Но Люций думал иначе.
Хотя лишь немногие понимали сущность отталкивающе соблазнительных созданий, пировавших в ужасном шуме «Маравильи», Люций подозревал, что они являются проявлениями стихийных сил, более древних и великодушных в своих благословлениях, чем все, что мог предложить Империум.
Его совершенство должно было стать служением этим силам.

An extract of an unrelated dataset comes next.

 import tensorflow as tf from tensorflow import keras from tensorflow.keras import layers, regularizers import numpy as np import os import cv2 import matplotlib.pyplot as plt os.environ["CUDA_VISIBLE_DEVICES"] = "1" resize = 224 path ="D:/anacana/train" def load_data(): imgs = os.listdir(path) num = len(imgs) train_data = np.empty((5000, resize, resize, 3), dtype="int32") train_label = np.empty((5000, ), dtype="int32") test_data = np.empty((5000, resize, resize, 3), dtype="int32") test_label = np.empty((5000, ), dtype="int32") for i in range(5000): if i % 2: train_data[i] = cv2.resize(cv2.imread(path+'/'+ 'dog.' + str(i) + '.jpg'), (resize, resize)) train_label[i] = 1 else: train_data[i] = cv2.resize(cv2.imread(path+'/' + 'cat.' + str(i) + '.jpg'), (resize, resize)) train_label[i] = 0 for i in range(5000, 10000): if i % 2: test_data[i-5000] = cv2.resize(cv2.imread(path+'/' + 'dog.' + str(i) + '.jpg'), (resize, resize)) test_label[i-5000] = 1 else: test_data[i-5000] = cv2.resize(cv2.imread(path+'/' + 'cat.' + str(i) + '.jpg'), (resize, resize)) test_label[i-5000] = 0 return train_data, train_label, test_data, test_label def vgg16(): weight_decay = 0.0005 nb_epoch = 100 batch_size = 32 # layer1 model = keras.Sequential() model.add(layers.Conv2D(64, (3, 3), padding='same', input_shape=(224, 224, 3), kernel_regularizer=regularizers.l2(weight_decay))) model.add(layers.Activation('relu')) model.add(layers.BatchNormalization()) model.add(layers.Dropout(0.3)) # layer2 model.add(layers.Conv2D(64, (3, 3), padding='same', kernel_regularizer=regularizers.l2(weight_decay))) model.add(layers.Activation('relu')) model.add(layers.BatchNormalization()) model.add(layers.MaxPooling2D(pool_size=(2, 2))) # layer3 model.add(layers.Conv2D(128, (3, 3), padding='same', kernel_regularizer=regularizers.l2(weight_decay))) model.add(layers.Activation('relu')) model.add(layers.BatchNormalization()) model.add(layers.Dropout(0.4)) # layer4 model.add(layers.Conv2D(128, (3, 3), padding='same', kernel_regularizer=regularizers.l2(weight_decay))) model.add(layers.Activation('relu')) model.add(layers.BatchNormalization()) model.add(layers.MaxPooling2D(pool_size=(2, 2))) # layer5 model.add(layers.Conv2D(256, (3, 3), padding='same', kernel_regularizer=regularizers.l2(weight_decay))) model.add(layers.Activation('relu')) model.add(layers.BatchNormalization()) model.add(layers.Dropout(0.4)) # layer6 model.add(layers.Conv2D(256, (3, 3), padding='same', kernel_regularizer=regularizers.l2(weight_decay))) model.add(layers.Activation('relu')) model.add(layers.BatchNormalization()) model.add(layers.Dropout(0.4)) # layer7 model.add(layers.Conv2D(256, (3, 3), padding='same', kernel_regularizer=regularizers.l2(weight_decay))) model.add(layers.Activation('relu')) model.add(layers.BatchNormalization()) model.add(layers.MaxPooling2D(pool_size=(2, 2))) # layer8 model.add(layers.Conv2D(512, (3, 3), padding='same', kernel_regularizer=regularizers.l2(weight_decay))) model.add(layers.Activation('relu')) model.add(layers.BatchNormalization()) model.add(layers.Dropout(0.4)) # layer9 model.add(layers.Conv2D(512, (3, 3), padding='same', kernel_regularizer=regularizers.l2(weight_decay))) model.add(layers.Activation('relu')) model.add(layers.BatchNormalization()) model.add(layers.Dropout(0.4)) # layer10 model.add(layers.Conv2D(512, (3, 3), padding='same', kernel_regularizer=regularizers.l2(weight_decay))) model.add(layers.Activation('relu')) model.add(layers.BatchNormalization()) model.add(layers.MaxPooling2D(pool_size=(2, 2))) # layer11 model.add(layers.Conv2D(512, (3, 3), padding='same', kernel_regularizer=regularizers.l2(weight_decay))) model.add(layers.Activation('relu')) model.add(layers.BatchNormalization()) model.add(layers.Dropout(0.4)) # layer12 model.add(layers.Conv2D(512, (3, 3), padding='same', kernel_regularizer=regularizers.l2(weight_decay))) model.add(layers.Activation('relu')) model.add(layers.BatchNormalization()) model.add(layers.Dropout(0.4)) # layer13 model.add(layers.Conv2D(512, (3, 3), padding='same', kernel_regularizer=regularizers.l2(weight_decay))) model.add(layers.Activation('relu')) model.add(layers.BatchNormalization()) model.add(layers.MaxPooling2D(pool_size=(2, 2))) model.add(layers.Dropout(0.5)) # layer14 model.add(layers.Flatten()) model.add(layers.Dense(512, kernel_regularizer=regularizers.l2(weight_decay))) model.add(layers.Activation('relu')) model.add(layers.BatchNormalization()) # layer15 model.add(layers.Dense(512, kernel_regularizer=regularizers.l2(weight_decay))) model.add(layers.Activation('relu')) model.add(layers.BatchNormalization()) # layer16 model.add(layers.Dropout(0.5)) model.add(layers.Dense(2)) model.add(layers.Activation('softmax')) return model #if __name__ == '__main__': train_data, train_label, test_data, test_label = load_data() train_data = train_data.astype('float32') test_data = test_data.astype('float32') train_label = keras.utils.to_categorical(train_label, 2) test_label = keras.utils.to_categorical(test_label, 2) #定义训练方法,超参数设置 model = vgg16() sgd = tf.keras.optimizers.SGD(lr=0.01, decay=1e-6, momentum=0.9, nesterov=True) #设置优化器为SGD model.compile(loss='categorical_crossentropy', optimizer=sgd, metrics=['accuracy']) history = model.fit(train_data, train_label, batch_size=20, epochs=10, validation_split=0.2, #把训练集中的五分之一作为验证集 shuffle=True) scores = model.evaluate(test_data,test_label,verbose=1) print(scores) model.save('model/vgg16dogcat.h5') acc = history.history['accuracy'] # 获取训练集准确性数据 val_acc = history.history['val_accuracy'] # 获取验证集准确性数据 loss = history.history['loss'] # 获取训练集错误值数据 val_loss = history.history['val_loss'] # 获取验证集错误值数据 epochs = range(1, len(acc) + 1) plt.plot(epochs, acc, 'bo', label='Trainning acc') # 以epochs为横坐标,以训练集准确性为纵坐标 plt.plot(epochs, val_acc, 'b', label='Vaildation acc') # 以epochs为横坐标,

Люций присел на край кровати и постарался воскресить суть своего видения. Он прекрасно помнил развалины внутреннего убранства «Ла Фениче» и ужасное состояние полотна над окровавленной сценой. Но что касается глаз, это были глаза Фулгрима, каким примарх был до того момента, когда легион вступил на новый путь. И, несмотря на отразившуюся в них боль, они казались более знакомыми, чем то, что Люций наблюдал после Исстваана V.

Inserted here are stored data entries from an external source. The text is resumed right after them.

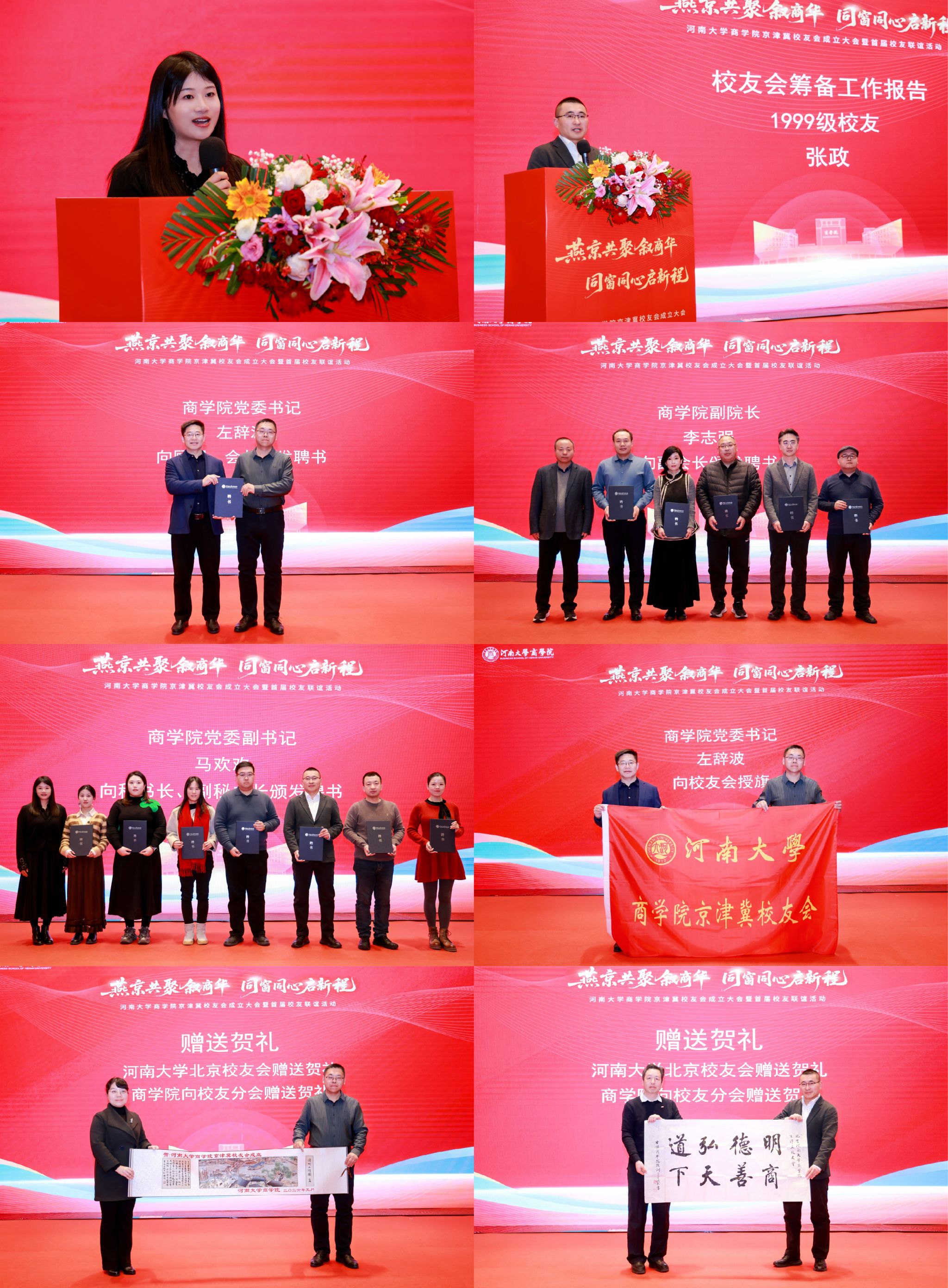 会上,河南大学北京校友会副会长石峰、河南大学mba校友会会长李俊涛、河南大学郑州校友会商学院分会副会长李辉、河南大学上海校友会商学院分会会长孙家凤、河南大学浙江校友会商学院分会会长任刚要、河南大学陕西校友会商学院分会会长张京涛、河南大学广州校友会商学院分会会长徐春龙、河南大学深圳校友会商学院分会会长杜江涛、河南大学海南校友会商学院分会会长吴敏亮、河南大学江苏校友会商学院分会筹备会负责人张太海等纷纷现场或视频祝贺。河南大学北京校友会、商学院分别向河南大学商学院京津冀校友会赠送了贺礼,校友们表演了精彩的文艺节目。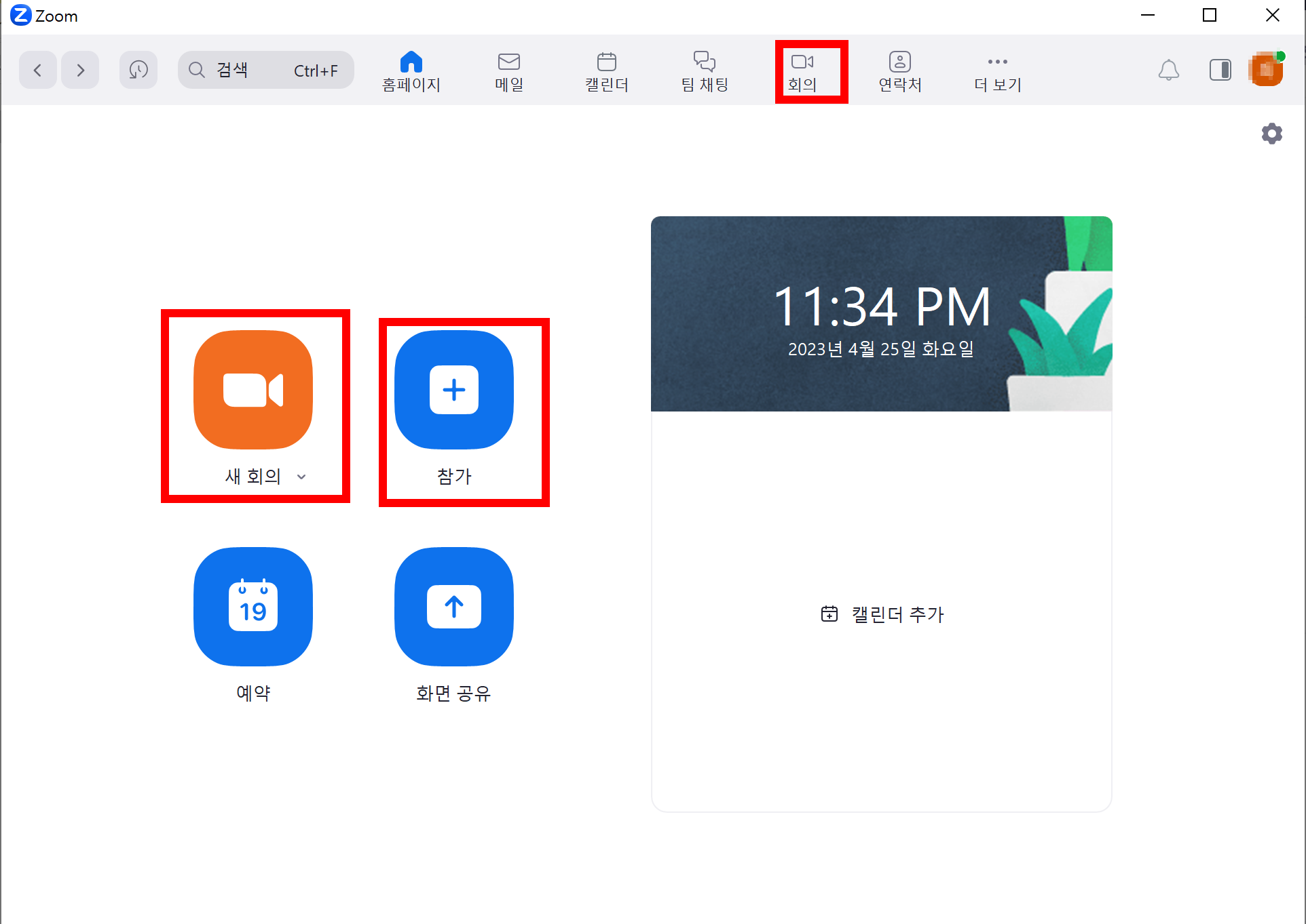 16. 로그인을 하면 이런 화면이 뜨는데요. 여기서 새 회의를 만들 수도 있고, 참가할 수도 있습니다.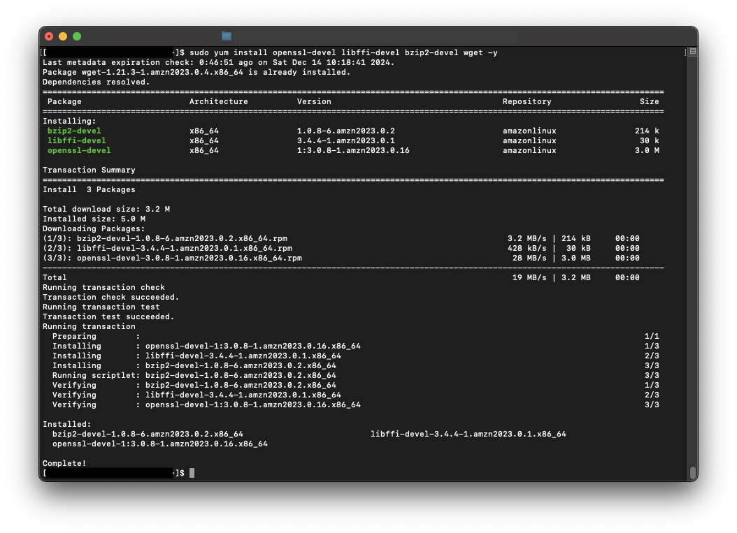 sudo yum install openssl-devel libffi-devel bzip2-devel wget -y

Сражение изменило Фулгрима, но кроме Люция, казалось, никто этого не заметил. Он видел почти неуловимые метаморфозы в своем возлюбленном примархе, нечто невыразимое, но, несомненно, существующее. Люций ощущал эти перемены, как звучание ненастроенной струны в арфе, как на волос сбившийся фокус в изображении.

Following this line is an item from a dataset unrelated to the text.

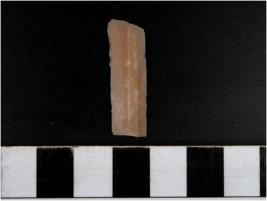 | Description / विवरण | A chert blade with double ridge on dorsal side, trapezoid cross section and blunt edges. |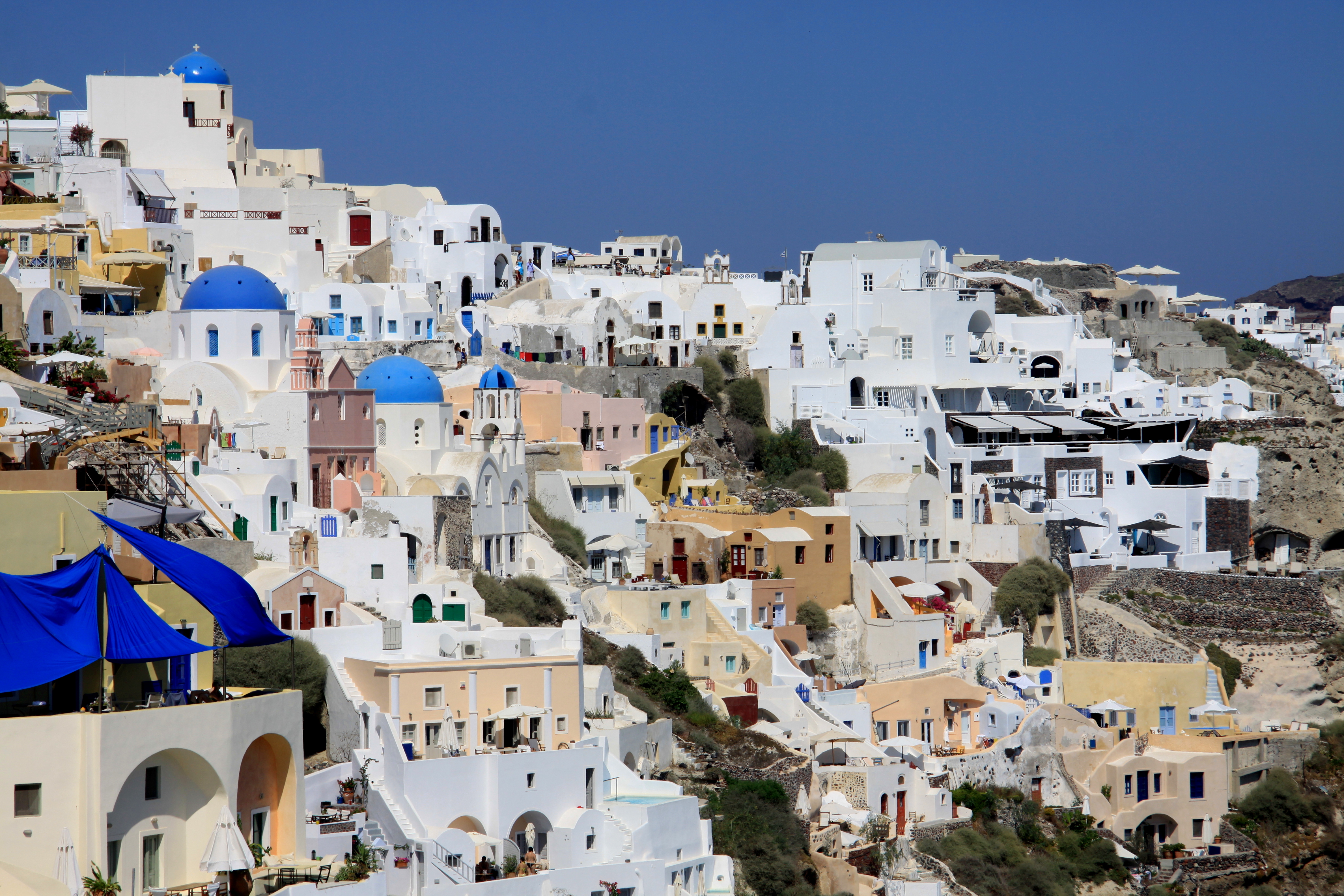 Si vous avez envie d’être en contact avec des habitants de la place, de voir comment les gens vivent vraiment, c’est plutôt à Mykonos que vous pourrez avoir un sentiment de «vraie» vie grecque. Dès que vous vous éloignez un peu du centre de la ville, vous vous retrouvez parmi les petites maisons blanc et bleu où des femmes sont affairées à étendre leur linge, les hommes à déguster leur alcool anisé et les enfants à jouer avec les chats. Santorin est incroyablement plus touristique.

Если кто-то и разделял его мнение, этот вопрос не обсуждался, поскольку примарх не только не терпел сомнений, но и не проявлял милосердия, выражая свое недовольство. Тот Фулгрим, что вернулся из окровавленной пустыни мертвого мира, не обладал ни остроумием, ни проницательностью Фениксийца, и его рассказы о прошлых битвах звучали неискренне, как у человека, который слышал о яростных сражениях, но не принимал участия в достижении побед.
Ощущение того, что в «Ла Фениче» он был призван не без причины, не проходило, и Люций обратил взор к портрету, висевшему прямо напротив его кровати. Это произведение было последним, что он видел перед нечастыми периодами отдыха, и первым, на чем останавливался его взгляд сразу после пробуждения. Это лицо в одинаковой мере дразнило его и вдохновляло.
Его собственное лицо.
Серена д'Анжело создала это шедевр специально по его заказу и, в стремлении к совершенству, на какое только способен смертный, вложила в него свою душу. К таким высотам осмеливались подниматься только Дети Императора, и если легион сумел преодолеть грань, то художница погибла.
Его изуродованное лицо смотрело из золоченой рамы, вызывая одну и ту же мысль, преследующую его в видениях наяву, словно неотвязная чесотка.
Несмотря на свою невероятность, эта мысль никак не исчезала.
Под обликом и плотью примарха скрывалось неизвестное существо, но не Фулгрим.
После событий на Исстваане путь к Гелиополису тоже изменился. Прежде этот широкий проспект, обрамленный колоннами из оникса и проходящий вдоль главной оси корабля, отличался сдержанной торжественностью, а теперь превратился в шумный бедлам. Под сенью колонн, где когда-то стояли золотые воины с длинными копьями, обосновались толпы просителей, искавших возможности хотя бы мельком лицезреть величие примарха.
В прежние времена весь этот сброд был бы немедленно удален, но теперь их никто не трогал, и целый океан ноющих людишек, чьи мольбы тешили тщеславие Фулгрима, затопил все переходы. Люций презирал их, но в моменты откровения в душе признавал, что причиной его презрения было то, что они с восторженным благоговением славили имя Фулгрима, а не его собственное.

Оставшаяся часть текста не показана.